* _Source data_
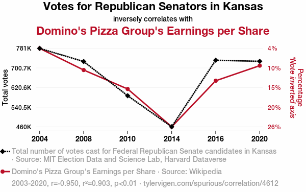 User prompt: Please provide potential search keywords for a paper titled The Pizza and Politics Paradox: Exploring the Connection between Republican Votes for Senators in Kansas and Domino's Pizza Group's Earnings per Share with an abstract of In this paper, we delve into the unlikely link between political preferences and pizza profits by examining the correlation between Republican votes for Senators in Kansas and Domino's Pizza Group's Earnings per Share. Our research team embarked on a quest to unravel this mysterious association, blending the savory world of pizza with the nuanced realm of political decision-making. As we peppered our analysis with statistical rigor, we discovered a correlation coefficient of -0.9501201 and p < 0.01, provoking an incredulous "you had me at pizza!" response.
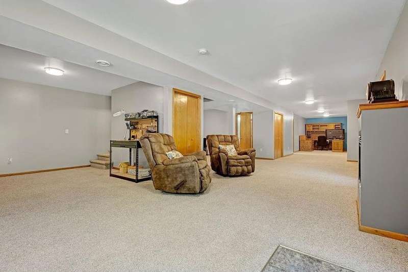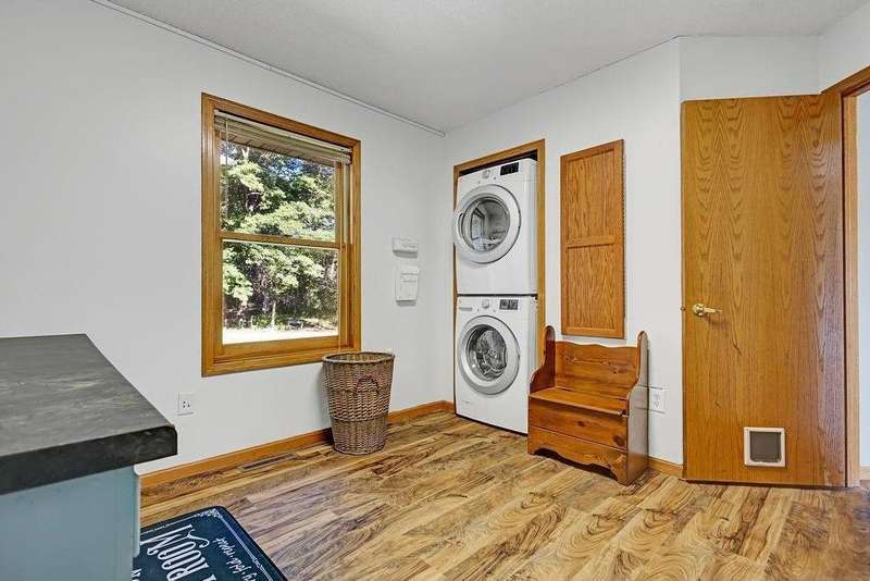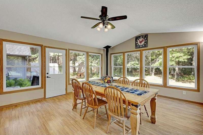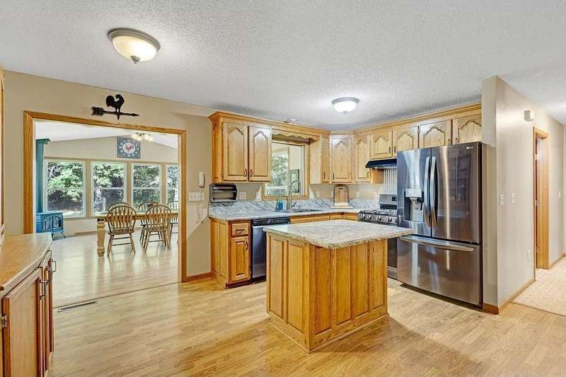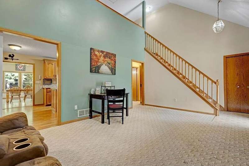 Welcome to 417 Whiskey Rd SW—a spacious and versatile 5-bedroom, 4-bathroom home nestled on 1.2 acres of peaceful, wooded land. This property is more than just a house; it’s a sanctuary for those seeking space, nature, and flexibility. From the moment you step inside, you’ll feel the warmth and openness of the soaring vaulted ceilings and the inviting lofted living area. The main level offers four bedrooms and two full baths, making it ideal for families, multigenerational living, or anyone who values convenience and comfort. The private primary suite is a true retreat, complete with a generous walk-in closet. The heart of the home—the kitchen—is designed for connection and creativity, featuring newer stainless steel appliances and a large center island perfect for gatherings. A cozy gas stove in the dining room adds charm and warmth, especially during Minnesota’s winter months. Downstairs, the walkout basement opens up endless possibilities: a home gym, game room, theater, or even a separate living space. Step outside to explore wooded trails, a creek, and views of protected state land leading to the Rum River—a haven for wildlife lovers and outdoor enthusiasts. The oversized 4-car garage, heated with a pellet stove and equipped with dual garage doors, is a dream for hobbyists, tinkerers, or anyone needing extra space. Whether you're looking for a peaceful escape, a flexible layout for a growing household, or a property that supports foster care or group living, this home delivers. With a motivated seller and a rare combination of space, privacy, and location, this is your chance to own a truly special piece of Isanti.
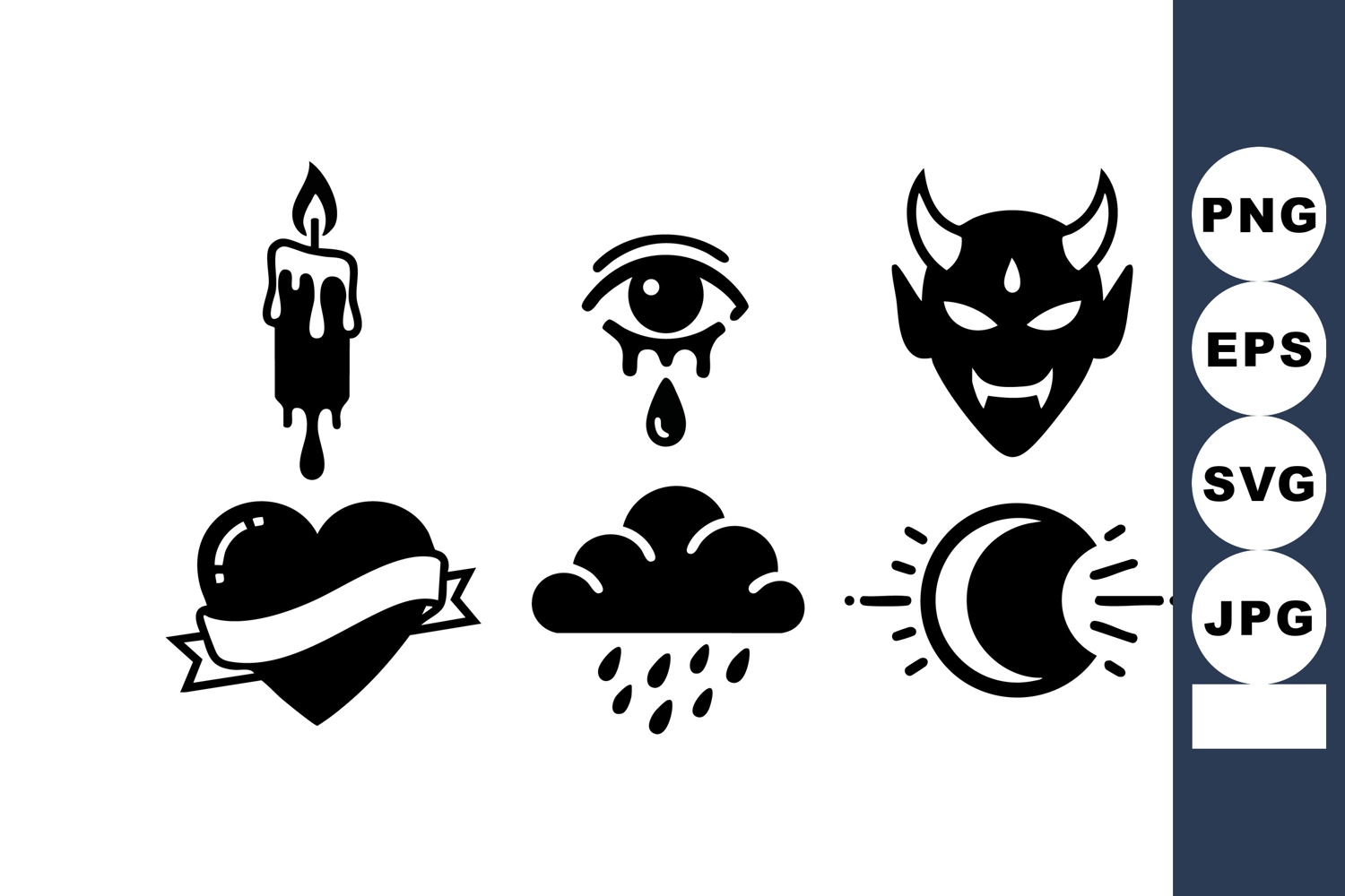 Gothic symbols set with candle heart eye rain cloud devil an example image 1

* _Your goal_
With the pictures removed, return the listing above in its exact original wording.

* _Reply to the task_
 User prompt: Please provide potential search keywords for a paper titled The Pizza and Politics Paradox: Exploring the Connection between Republican Votes for Senators in Kansas and Domino's Pizza Group's Earnings per Share with an abstract of In this paper, we delve into the unlikely link between political preferences and pizza profits by examining the correlation between Republican votes for Senators in Kansas and Domino's Pizza Group's Earnings per Share. Our research team embarked on a quest to unravel this mysterious association, blending the savory world of pizza with the nuanced realm of political decision-making. As we peppered our analysis with statistical rigor, we discovered a correlation coefficient of -0.9501201 and p < 0.01, provoking an incredulous "you had me at pizza!" response.
 Welcome to 417 Whiskey Rd SW—a spacious and versatile 5-bedroom, 4-bathroom home nestled on 1.2 acres of peaceful, wooded land. This property is more than just a house; it’s a sanctuary for those seeking space, nature, and flexibility. From the moment you step inside, you’ll feel the warmth and openness of the soaring vaulted ceilings and the inviting lofted living area. The main level offers four bedrooms and two full baths, making it ideal for families, multigenerational living, or anyone who values convenience and comfort. The private primary suite is a true retreat, complete with a generous walk-in closet. The heart of the home—the kitchen—is designed for connection and creativity, featuring newer stainless steel appliances and a large center island perfect for gatherings. A cozy gas stove in the dining room adds charm and warmth, especially during Minnesota’s winter months. Downstairs, the walkout basement opens up endless possibilities: a home gym, game room, theater, or even a separate living space. Step outside to explore wooded trails, a creek, and views of protected state land leading to the Rum River—a haven for wildlife lovers and outdoor enthusiasts. The oversized 4-car garage, heated with a pellet stove and equipped with dual garage doors, is a dream for hobbyists, tinkerers, or anyone needing extra space. Whether you're looking for a peaceful escape, a flexible layout for a growing household, or a property that supports foster care or group living, this home delivers. With a motivated seller and a rare combination of space, privacy, and location, this is your chance to own a truly special piece of Isanti.
 Gothic symbols set with candle heart eye rain cloud devil an example image 1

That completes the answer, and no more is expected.